Epistasis involves interactions within the genome that contribute to the phenotype of an organism. The main goal is to accurately identify regions of the genome that cause a genetic disorder, such as Alzheimer’s and autism. Two factors in particular are involved with these interactions: single nucleotide polymorphism (SNP) genotypes and gene expression levels. We compared the ability of five machine learning methods to find the subset of SNPs that significantly correlates with the phenotype. Our results demonstrate that when using small synthetic data sets, four out of the five methods found the causal SNPs. However, when using more realistic data sets, the methods either became infeasible due to long computation time or yielded inaccurate results due to the large number of uncorrelated SNPs in the data. We are currently developing more refined methods that can find a model in which a set of SNPs and gene expression levels in real datasets correlate with the phenotype. This is a complex problem because there is an extremely large number of SNPs and genes that potentially affect diseases. By creating a more efficient and accurate method, we hope to better predict the genetic causes of various diseases.

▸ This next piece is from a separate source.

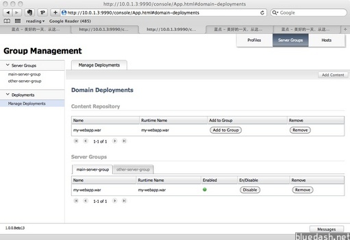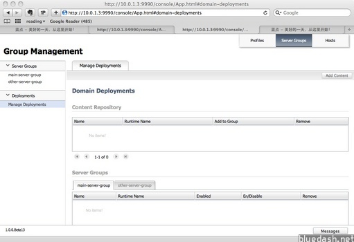 可以看到,管理页识别出AS7正运行在domain模式之下,并且目前共有两台主机运行(左上角的列表分别列有master及slave)。我们要关注的是server-group:点击右上角的"Server Groups",进入服务器组的管理页面,然后点击左边的"Manage Deployments"页面,进入部署功能页面:

Interactive Cell Segmentation Tool

Mentor

Dmitry Fedorov, Diana Delibaltov

Student Interns

Ryan Williams
Ryan Williams
California State University, San Bernardino
Bryan Johnson
California State University, San Bernardino

Abstract

The purpose of this project is to produce “...a tool for cell analysis in 3-D confocal microscopy membrane volumes.” The tool uses the seeded watershed technique to provide the segmentation and predicts uncertain areas for easier identification of areas to be manually corrected by the user. The volumes are of Ascidian embryos because of their close relativity to human embryos and their simplistic layout. We are extending this tool to work in a web-based format to be accessible through the BISQUE system. The BISQUE system has many existing analysis modules that will make the transition to a web-based tool smooth and standardized. The tool's capabilities will include adding seeds to both existing and new labels(a label is each segmented nuclei), merging labels, and saving data in a lineage for later comparison with multiple 3-D volumes. This project uses both EXTJS and EaselJS libraries to support the capabilities and improve performance of the javascript in a browser. The tool is important for manual correction of the watershed output to provide better nuclei detection and segmentation.